I solved the differential equations and i found that

\(\displaystyle x(t)=x_0 \cdot cos\left ( \sqrt{\frac{k}{m}}\cdot t \right)+\sqrt{\frac{m}{k}} \cdot v_{0x} \cdot sin\left ( \sqrt{\frac{k}{m}}\cdot t \right)\)

\(\displaystyle y(t)=y_0 \cdot cos\left ( \sqrt{\frac{k}{m}}\cdot t \right)+\sqrt{\frac{m}{k}} \cdot v_{0y} \cdot sin\left ( \sqrt{\frac{k}{m}}\cdot t \right)\)

For the

**b) question**teacher told us to write equations...
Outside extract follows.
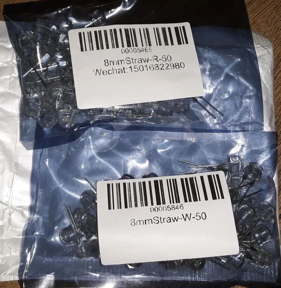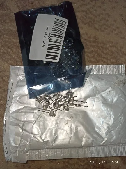 Доставка до МО 34 дня. Все 50 диодов рабочие, но качество не очень, у какх частично мутный пластик, смещён центр, пузырьки прямо на кристалле. Продажа брака со скидкой!

I thought that if i take \(\displaystyle x(t)^2+y(t)^2\) that must always equal to something constant. And in \(\displaystyle t=0\) the object was in the position\(\displaystyle (x_0,y_0)\). That means that the magnitude of the position vector is equal to \(\displaystyle \sqrt{x_0^2+y_0^2}\)

Thus, for every t, it has to be \(\displaystyle x(t)^2+y(t)^2=x_0^2+y_0^2\)

But adding the two equations i found in the a) question i can't find a condition in order x(t)^2+y(t)^2 to be indepedent from t.

For the c) question i know that the centripetal acceleration vector has to be equal το 0... only this...

Any help for b) and c)???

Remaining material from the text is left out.